Best Answer for $1 Contest
Best feedback so far on my tongue and cheek $1 contest:
"Michael, That chart looks like my Uncle Vinny's EKG after a big meatball parm and liter of Coke. CFA = Constantly Fumbling for Anwers. My guess is as good as any - literally."
MRM (Martin Trading)
Canadian, Texas Visit
June 03, 2006

Salem Abraham (second from right)
Took quick trip down to Canadian, Texas on Thursday and Friday to visit with Salem Abraham (trading around $150M as a trend follower with a near 20 year track record).
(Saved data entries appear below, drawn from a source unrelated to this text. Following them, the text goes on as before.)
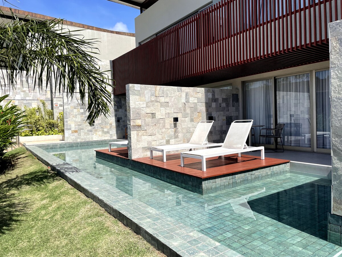 Pinakamahusay na suite para sa honeymoon o pagho - host kasama ang buong pamilya. Walang natutulog sa sahig! isang queen bed + 3 single bed, Lahat ay dinisenyo ng arkitekto, sobrang komportableng accommodation. May laptop countertop at dressing table para mas mapaganda pa ang mga babae. Naka - mirror na wardrobe at Kusina na kumpleto sa Tramontina pinggan at kaldero! Beachfront resort, gym, sauna, restaurant, paglilibang.81986952133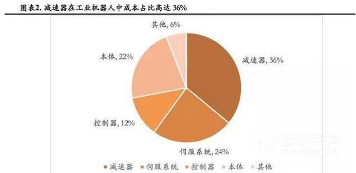 根據(jù)機(jī)器人網(wǎng)的相關(guān)數(shù)據(jù)顯示,三大核心零部件占機(jī)器人成本的比例超過70%,其中,減速器成本占比為三大核心零部件最高者,數(shù)值為36%。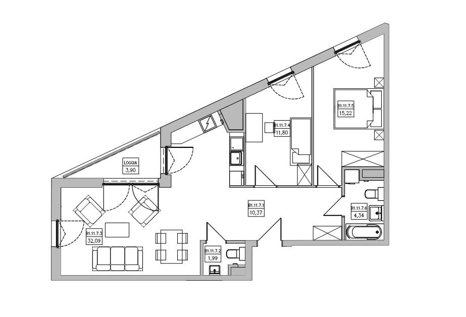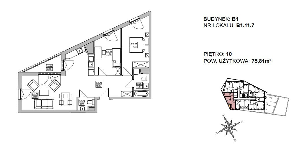 Pomieszczenia – Mieszkanie 75,81 m2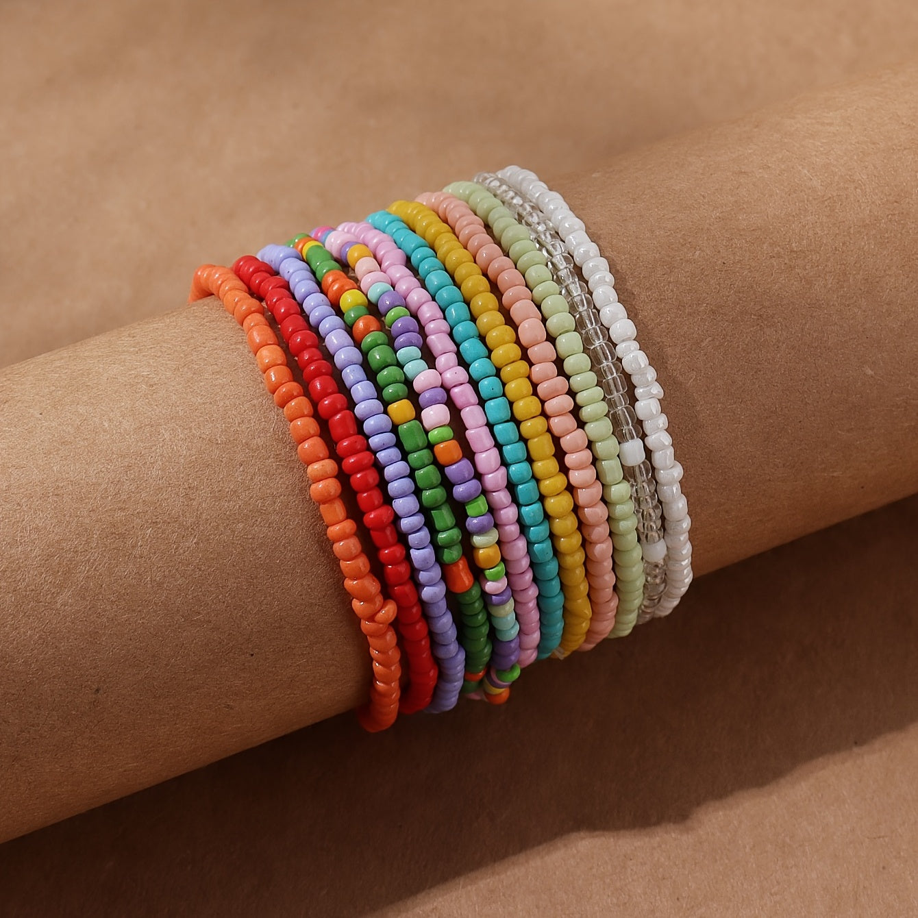 This charming boho seed beads beaded bracelet with stretch design is an ideal gift for women, wife, girls, or her on birthdays. It features a variety of colorful beads and enchanting charms to add a touch of bohemian style to any outfit.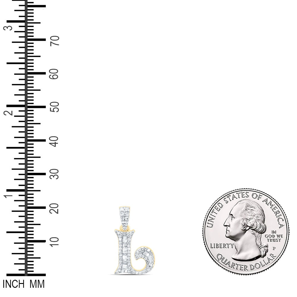 0.28 Ctw Natural Diamond Baguette Hiphop Initial Letter L Pendant in 10k Yellow Gold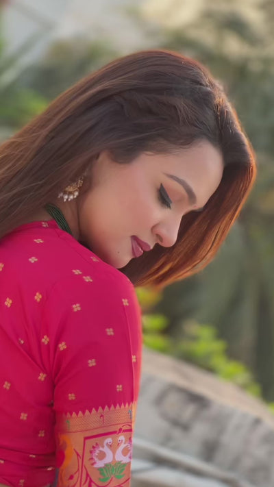 Embrace the grandeur of tradition with this Copper Orange Zari Woven Paithani Saree, a masterpiece that beautifully blends heritage with artistry. The saree features intricate weaving, while the pallu is adorned with elegant peacock designs, symbolizing grace and prosperity. Perfect for weddings, festive occasions, and cultural celebrations, this Paithani drapes you in timeless charm.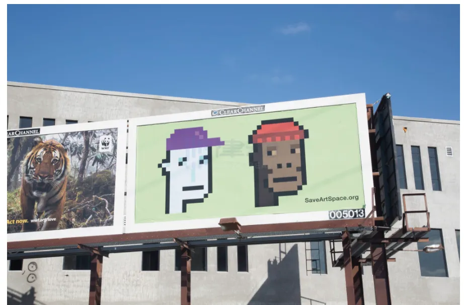 SaveArtSpace 公告牌展示了两个 CryptoPunk NFTs. 图片来源: Christie's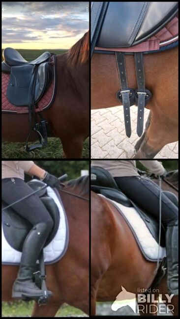 Tiefer Sitz Leder schwarz doubliert Klettpauschen Lange Gurtstrippen Grossflächige Sattelkissen französische Form mit Trapezmuskelentlastung Füllung mit Naturfaser Kalt stufenfrei verstellbare Kammerweite viel Platz für die Schulter durch eingesenktes Kopfeisen Hergestellt in Deutschland Baujahr 2016 Sitzgrösse 18,5 Zoll aktuelle Kammerweite ca. 32.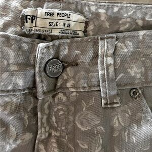These are such beautiful jeans, with soft cream floral print on the perfect khaki color skinny jeans, with stretch for comfort.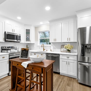 CabCo Design and Renovation just completed a full home renovation —a 100 yr old farmhouse on 3 acres turned into the perfect homestead. One of the standout spaces is the kitchen, where modern elegance meets timeless charm. Bright white cabinetry, a bold herringbone backsplash, warm wood accents, and sleek lighting transformed the room from dated and tired into fresh and inviting. It’s now a true centerpiece of the home, designed for both beauty and function. Curious to see the full journey and the before-and-after of this entire house makeover? Dive into the blog for more insights and inspiring transformations.
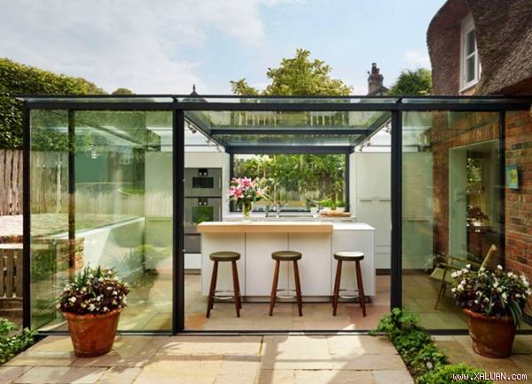 Nhờ có lớp kính trong suốt, người trong bếp sẽ có cảm giác như đang nấu ăn giữa vườn cây. Từ đây bạn có thể nhìn ngắm mọi ngóc ngách của khu vườn, tận hưởng không gian thoáng đãng thư thái hiếm có ở những căn bếp trong nhà. Căn bếp được nối với không gian bên ngoài bằng những chiếc cửa kính trượt bản rộng, dễ dàng mở rộng mỗi khi bạn muốn bước ra khu vườn. Những đồ vật làm bằng gỗ và sơn phủ màu trắng bên trong càng giúp cho căn bếp thêm hài hòa với khung cảnh vườn cây xung quanh.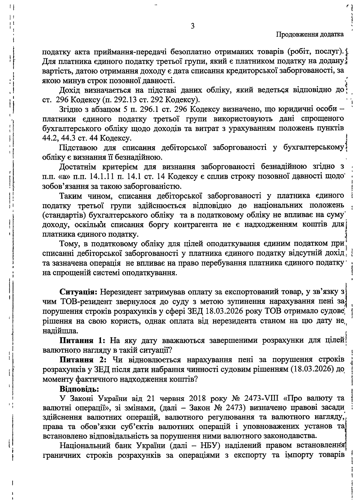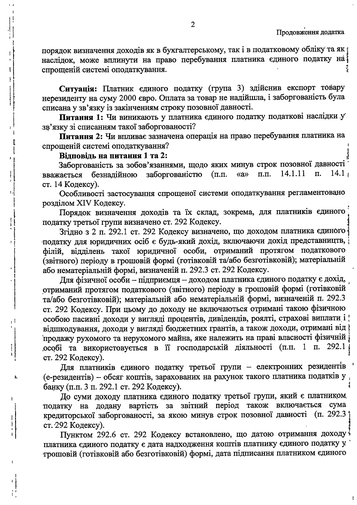 Питання 1. Чи виникають у платника єдиного податку податкові наслідки у зв’язку зі списанням такої заборгованості?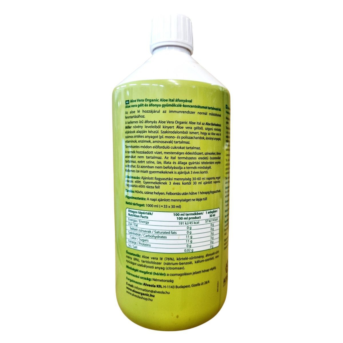Az Aloe Vera Organic áfonyás ital természetes, vegán, gluténmentes és mesterséges adalékanyagoktól mentes frissítő ital, amely organikus termesztésből származó aloe vera gélt tartalmaz. Az aloe növény leveleiből kinyert gél számos biológiailag aktív összetevőt hordoz – köztük poliszacharidokat, aminosavakat, enzimeket és vitaminokat –, melyek segíthetik a szervezet általános vitalitásának fenntartását. A lágyan savanykás ízű ital természetes módon tartalmaz cukrokat, és nem tartalmaz mesterséges színezéket vagy édesítőszert. A gyümölcsös ízvilág és az aloe frissítő hatása miatt gyermekeknek is ajánlott hároméves kortól. Származási helye Németország, a termék minőségét az Alveola Kft. garantálja.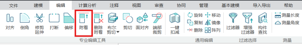 在编辑菜单栏中选择删除附着工具,选择已吸附的墙,右键确认,即可完成墙体的删除附着,如图5
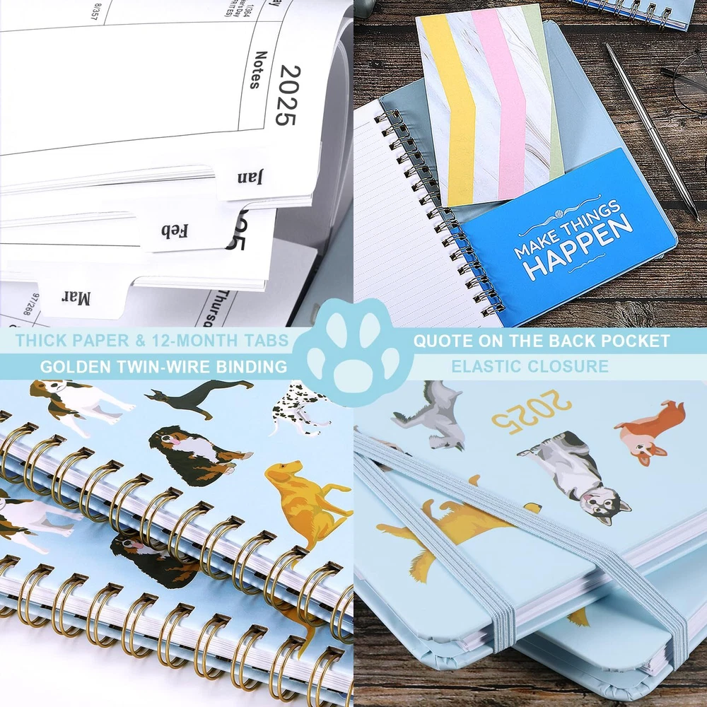 2025 Planner - Weekly & Monthly Planner 2025 with Tabs, Jan. 2025 - Dec. 2025, 6.5" x 8.5", Hardcover with Back Pocket + Thick Paper + Banded, Twin-Wire Binding - Cute Dogs ๐พ JANUARY 2025 - DECEMBER 2025 - Featuring 12 months of weekly and monthly pages and marked holidays. With weekly and monthly sections for easy planning and scheduling. ๐พ CONTENT DESIGN - 12 months of monthly pages with past and future monthly referencing + 12 months of ample lined weekly pages + 2025-2026 calendar overview + 2025-2026 holiday pages + 2 contact pages. ๐พ DETAILS - Metal lay-flat twin-wire binding allows for 360ยฐ folding over + 12 monthly tabs for quick checking + Quote on the back inside pocket which can hold some cards + Elastic closure band to keep planner closed. ๐พ QUALITY - Thicker paper than normal 2025 planner in the market to reduce ink leakage, erase fraying and shade issues. ๐พ SUPERIOR SERVICE - We will do our best to make you happy if you have any quality problems. Give us a chance and let us show you a great 2025 planner experience! ๐พ JANUARY 2025 - DECEMBER 2025 - Featuring 12 months of weekly and monthly pages and marked holidays. With weekly and monthly sections for easy planning and scheduling. ๐พ CONTENT DESIGN - 12 months of monthly pages with past and future monthly referencing + 12 months of ample lined weekly pages + 2025-2026 calendar overview + 2025-2026 holiday pages + 2 contact pages. ๐พ DETAILS - Metal lay-flat twin-wire binding allows for 360ยฐ folding over + 12 monthly tabs for quick checking + Quote on the back inside pocket which can hold some cards + Elastic closure band to keep planner closed. ๐พ QUALITY - Thicker paper than normal 2025 planner in the market to reduce ink leakage, erase fraying and shade issues. ๐พ SUPERIOR SERVICE - We will do our best to make you happy if you have any quality problems. Give us a chance and let us show you a great 2025 planner experience! Shipping from the USA All of our products are shipped from the USA, ensuring quick delivery to your destination. Payment We offer the following payment methods: PayPal, credit card, bank transfer, and eBay's secure payment system. Free Shipping & Free Returns Shipping within the USA is FREE. Additionally, any return is absolutely free for you. Risk-Free Purchase You have the option to return an item within 30 days without any justification. We cover the return shipping costs! Fast Shipping We ship immediately upon receipt of payment. Generally, the package is delivered within 2-3 days in the USA. If it takes longer, we will contact you. Quality and Costs Made in Europe, USA, China No customs fees or additional charges Total satisfaction guarantee Invoice with declared VAT available upon request in .pdf format Feedback Your feedback is very important to us. After you pay for your purchase, you will automatically receive positive feedback from us.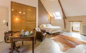 Notre Chambre campagne conçu avec Lit double en 160 , un bureau pour le télé travail, un coin lecture avec un fauteuil et dressing dans le seul but de se sentir comme à la maison.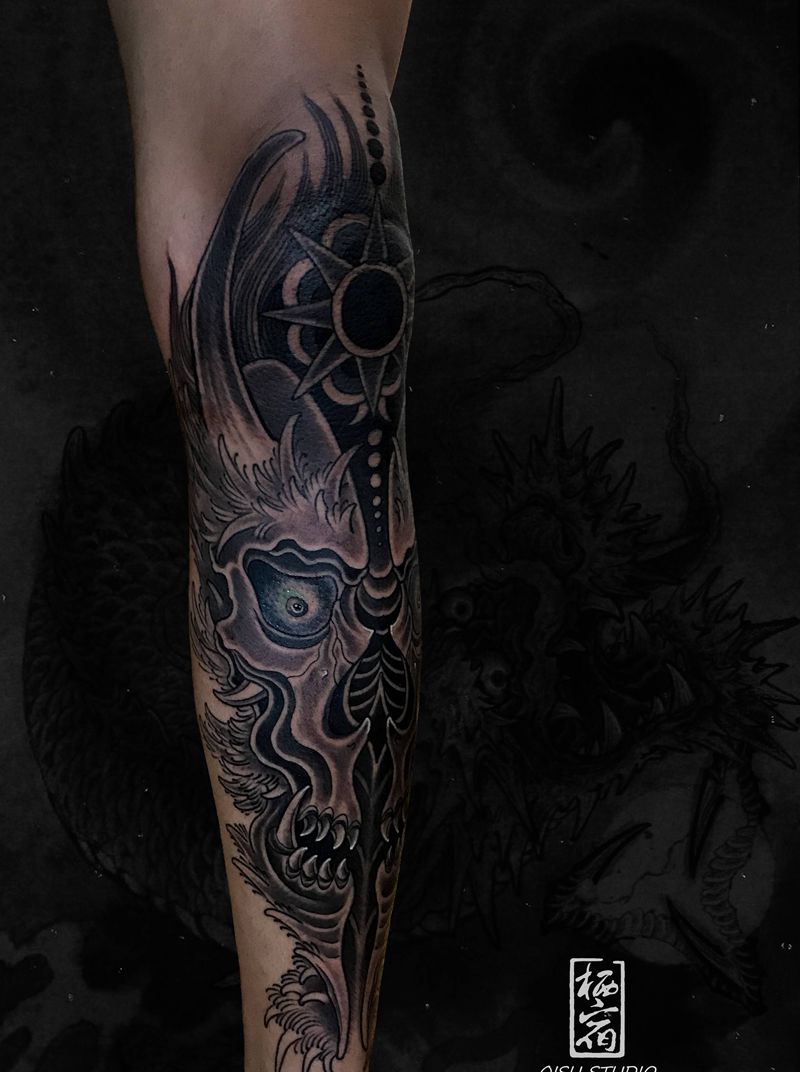 • T网红王老大花腿龙纹身图片_腿部新传统纹身图案

More to come about the trip, but it was a starting point for my second book now underway.
Canadian is in the Texas panhandle. It is a small Town, but an absolutely great place to visit. The picture above, at the Hemphill County Airport, is right before most of us headed back to Dallas.

The Way to Travel the Country When Living in Canadian, Texas!

Shaun Jordan, of Abraham Trading, Demonstrates His 'Skills'

Abraham Ranch; Article on Salem & His Brothers (PDF)

Getting Around the Ranch Made Easier

Trading in Canadian, Texas
$1 Bet Continued...
June 02, 2006
Feedback in today:
"I read about your $1 contest. I've decided to give you 1 million dollars if you can prove that predicted technical analysis does not work. P.S. You are a narrowminded jackass!"
Words Mean Things
June 01, 2006
From yesterday's headlines:
Stocks Climb As Oil Plunges
Wednesday May 31, 11:05 am ET
By Christopher Wang, AP Business Writer
Stocks Climb As Oil Plunges; Energy Market Welcomes Latest Move by U.S. in Iran Dispute
NEW YORK (AP) -- Plunging oil prices pushed stocks sharply higher Wednesday as the United States' latest move to settle the dispute over Iran's nuclear arms program eased the energy market's worries about a supply cutoff from the petroleum-rich nation. The pullback in crude oil helped calm inflation jitters as investors grew hopeful that the minutes from the latest Federal Reserve meeting would shed light on the outlook for interest rates. Traders have been scouring for clues on whether to expect higher lending rates after the Fed said in early May that more rates hikes could be needed to battle soaring energy prices.
A 1% drop in oil is a "plunge"? Huh?
How can you, Christopher Wang, know for sure that this oil "plunge" calmed "inflation jitters"? How did you determine that? Is that your opinion or some form of research you conducting in the last 24 hours? Yes, I am being sarcastic, but don't you have any need to connect your words to some form of measurable reality?
Global Sell Off
An email was sent to Ed Seykota:
Dear Ed, the "Global sell off" [is] all over my newspaper these last few days. I am right in asserting the following *the long-term trend is up* until I know otherwise (i.e. an extended period of downwards trading) this still remains true.
Ed Responded:
There is no such thing as the trend. Some of the shorter indicators are down while some of the longer ones are still up. At some point in the non-existing future, we might look back into the non-existing past (now) and notice the exact numerical values of all the various trends that we cannot now measure.
All markets trend. This writer assumes Seykota will know which market he is speaking of.